DNABERT2, a second generation version of the original DNABERT model24, is constructed on the BERT architecture, comprising 12 Transformer blocks. In this new iteration, the authors improved the model by replacing learned positional embeddings with Attention with Linear Biases (ALiBi) and utilizing Flash Attention to increase computation and memory efficiency26. In the context of this study, analyses were done with the representations generated by the last Transformer block. The model was acquired through the Hugging Face repository, using the “DNABERT-2-117M” model.
Pre-trained supervised models
Sei.
The Sei model is composed of three sequential modules: (1) a convolutional network with dual linear and nonlinear paths; (2) residual dilated convolution layers; (3) spatial basis function transformation and output layers. Sei was trained to take as input 4 kb length sequences and predict 21,907 TF binding, histone marks and DNA accessibility from peak data of cis-regulatory profiles. For this study, we extracted our representations after the spline basis function transformation, before inputting into fully connected layers. The pre-trained Sei model was acquired through zenodo from the original study74.
RBP.
Our custom RBP model was trained using eCLIP-seq83 data of 120 RBPs in K562 from ENCODE105. The dataset was organized into a multi-task binary classification format. The model has a ResidualBind-like structure:
-
1D convolution (96 filters, size 19, batch-norm, exponential)
dropout (0.1)
-
Dilated residual block106
convolution (96 filters, size 3, batch-norm, ReLU)
dropout (0.1)
convolution (96 filters, size 3, batch-norm, dilation rate 2)
dropout (0.1)
convolution (196 filters, size 3, batch-norm, dilation rate 4)
dropout (0.1)
skip connection to input
ReLU activation
max-pooling (size 10)
dropout(0.1)
-
1D convolution (192 filters, size 7, batch-norm, ReLU)
dropout (0.1)
global average-pooling
flatten
-
fully-connected (512 units, batch-norm, ReLU)
dropout (0.5)
output layer (120 units, sigmoid)
Enformer.
A LASSO regression was fit to the lentiMPRA data based on predictions from Enformer76. Each sequence was padded to a target length of 196,608 base pairs using zero-padding on both ends. The padded sequences were then passed through Enformer to generate predictions. We extracted the predictions corresponding to the central bin (bin=448). Lasso regression was employed using scikit-learn. The training data was split into training (80%) and validation (20%) sets. LassoCV with 5-fold cross-validation was employed to select the optimal regularization parameter (alpha) from 200 candidates. The model was trained with a maximum of 20,000 iterations and a tolerance of 1e-2. Performance was evaluated using the Pearson correlation coefficient on the test set.

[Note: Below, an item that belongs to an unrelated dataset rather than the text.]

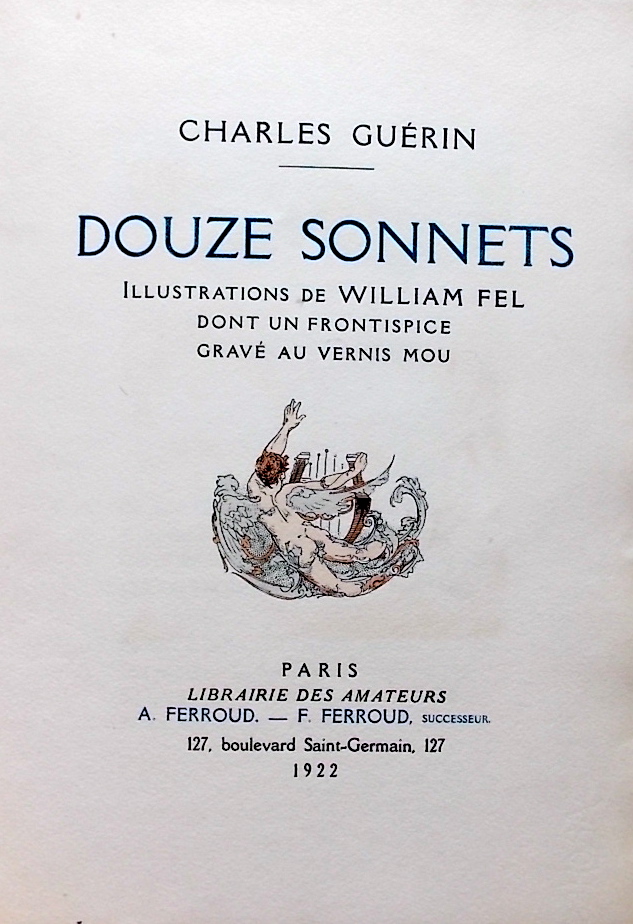 [FEL (William)] – GUERIN (Charles) Douze sonnets. Paris, Librairie des Amateurs – A. & F. Ferroud, 1922.

Unlike previously73, the predictions were based on a single model trained on one fold and only considering the forward strand.
Data
lentiMPRA.
The lentiMPRA dataset for K562 and HepG2 cell lines was acquired from the Supplementary Tables in Ref.73. The HepG2 library consists of 139,984 sequences, each 230 nucleotides long, and the K562 library contains 226,253 sequences. Each sequence is paired with a target scalar value that represents the transcriptional activity. Each cell line was treated independently as a single-task regression. For each dataset, we randomly split the training, validation, and test sets according to the fractions 0.7, 0.1, 0.2, respectively. Unlike the original study, we treated reverse-complement sequences separately; they were not aggregated or augmented during test time. The results represent the performance over a single fold.
CAGI dataset.
The CAGI5 challenge dataset78 was used to evaluate the performance of the models on zero-shot single-nucleotide variant effect generalization as following the same procedure as Ref.69. We only considered MPRA experiments in HepG2 (LDLT, SORT1, F9) and K562 (PKLR). We extracted 230 nucleotide sequences from the reference genome centered on each regulatory region of interest. Alternative alleles are then substituted correspondingly to construct the CAGI test sequences. Pearson correlation was calculated between the varient effect scores by the model and experimentally measured effect size per experiment. For HepG2 performances, we report the average Pearson’s r across the three experiments.
ChIP-seq.
Ten transcription factor (TF) chromatin immunoprecipitation sequencing (ChIP-seq) datasets were acquired from the zenodo repository of Ref.84. The prediction task is a binary classification of whether 200nt input DNA sequences are associated with a ChIP-seq peak (positive label) versus sequences from DNase I hypersensitive sites from the same cell type (i.e., GM12878) that do not overlap with any ChIP-seq peaks (negative label). The number of negative sequences were randomly down-sampled to exactly match the number of positive sequences to ensure balanced classes. The dataset was split randomly into training, validation, and test set according to the fractions 0.7, 0.1, and 0.2, respectively.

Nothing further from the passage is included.